Not this week. Sorry. But I’ll try to find something for today’s list of suggested reading that’s a little lighthearted.

The Oregonian last week ran a hard-hitting story from Hillary Borrud about Gov. Kate Brown’s wherabouts during the hottest day of the brutal June heat wave that killed more than 100 state residents. Brown was attending an all-day strategic retreat at a Yamhill County winery. (The story is an online exclusive for Oregonian/Oregon Live subscribers.)

Speaking of Yamhill County, you might have missed an in-depth story from Leah Sottile in HIgh Country News about how a county battle over a proposed walking trail not only illuminates the growing urban-rural divide but has troubling links to far-right extremism.

And speaking of wineries, here’s a fresh story by Christopher Flavelle about how climate change is impacting the wine industry.

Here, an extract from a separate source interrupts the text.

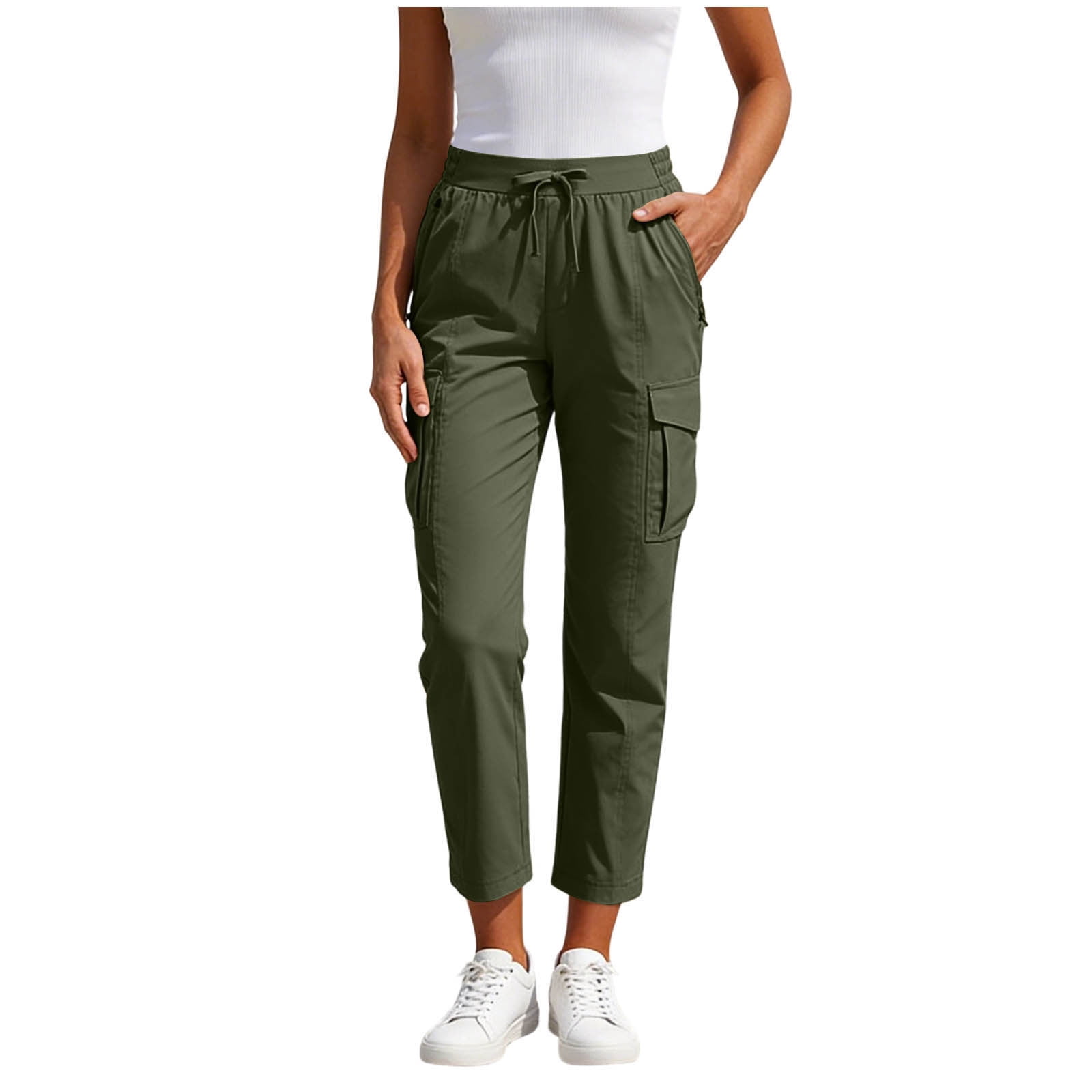 Cargo Pants Women Back Elastic Waisted Baggy Drawstring Solid Casual ...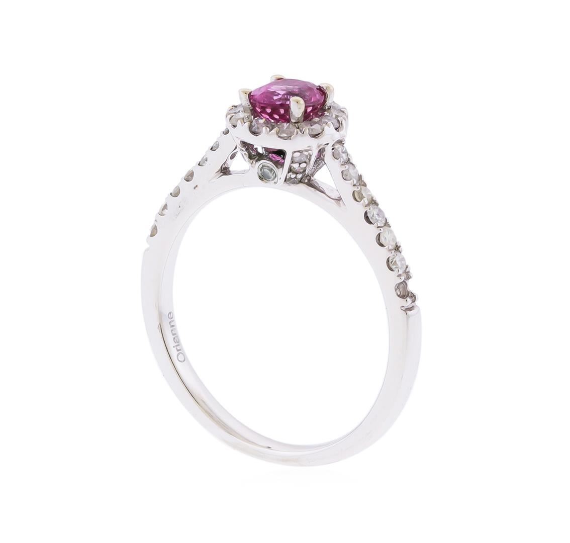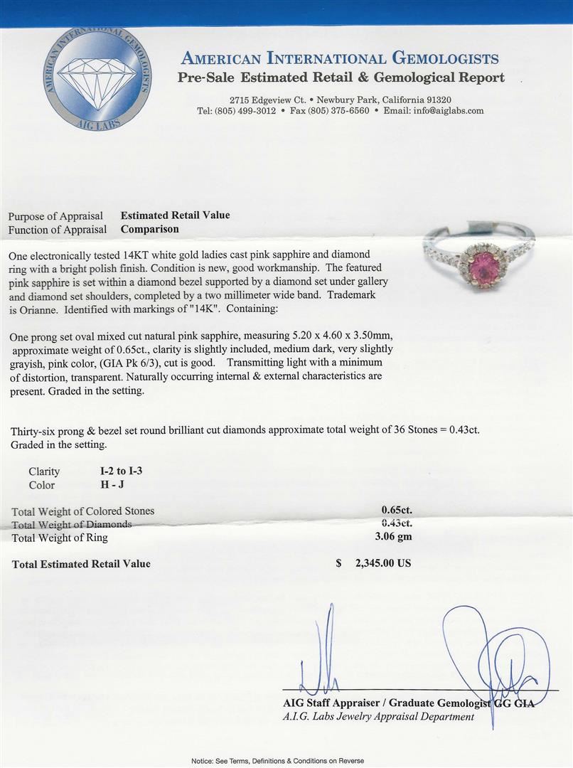 One electronically tested 14KT white gold ladies cast pink sapphire and diamond ring with a bright polish finish. The featured pink sapphire is set within a diamond bezel supported by a diamond set under gallery and diamond set shoulders, completed by a two millimeter wide band. Trademark is Orianne. Identified with markings of "14K". Condition is new, good workmanship. Containing: One prong set oval mixed cut natural pink sapphire, measuring 5.20 x 4.60 x 3.50mm, approximate weight of 0.65ct., clarity is slightly included, medium dark, very slightly grayish, pink color, (GIA Pk 6/3), cut is good. Transmitting light with a minimum of distortion, transparent. Naturally occurring internal & external characteristics are present. Graded in the setting.Thirty-Six prong & bezel set round brilliant cut diamonds approximate total weight of 36 Stones = 0.43ct. Graded in the setting. Clarity: I-2 to I-3. Color: H - J. Total Weight of Colored Stones 0.65ct. Total Weight of Diamonds 0.43ct. Total Weight of Ring 3.06gm. AIG Appraised at $2,345.00.

Think sunscreen on grapes and disinfected toilet water for irrigation, for starters — but there’s a sense that such steps might not be sufficient.

There is good news locally for this Sunday: The Gazette-Times’ hard-working Troy Shinn has a story about how efforts to save the Fender’s blue butterfly, a Willamette Valley native once thought to be extinct, appear to be paying off. And if you missed Steve Gress’ recent story in the G-T about how my colleague Mike Corwin is closing in on 50 years umpiring baseball games, here’s the link.

Finally, here’s a fascinating New Yorker profile of the writer Ayad Akhtar which I call to your attention only because I’ve just finished Akhtar’s terrific 2020 book, “Homeland Elegies.” The book, which came out in paperback at the end of May, is a blistering, passionate blend of fiction and autobiography (the genre apparently is called “autofiction”) that has something urgent to say about what it’s like to be a Muslim in America. (For all the pain, the book ends with a full-throated embrace of America as the country in which Akhtar was born and calls home,) Akhtar also has pertinent and timely things to say about capitalism. The thread that runs through the book, however, is a clear-eyed but tender story about the relationship between a father and a son.

Akhtar arguably is better-known as a playwright (his Pulitzer Prize-winning “Disgraced” was staged a couple of seasons ago by the Majestic Readers Theatre Company), but “Homeland Elegies” is his second novel. In interviews, Akhtar has been coy about what parts of the book are fact and which are fiction — the main character in the novel is named Ayad Akhtar, and he’s a playwright — and parts of the book read like essays. But Akhtar (the author, not the character) has said he wanted the book to have the sizzle of the best reality TV, and he’s succeeded in that.

News broke a couple of weeks ago that Kumail Nanjiani (“The Big Sick”) is working to develop an eight-part limited series on FX based on the book. Akhtar is adapting his book and Oren Moverman, a longtime friend, will direct. But it’s hard to imagine how they’ll pull it off; I’ll be very curious to watch the results.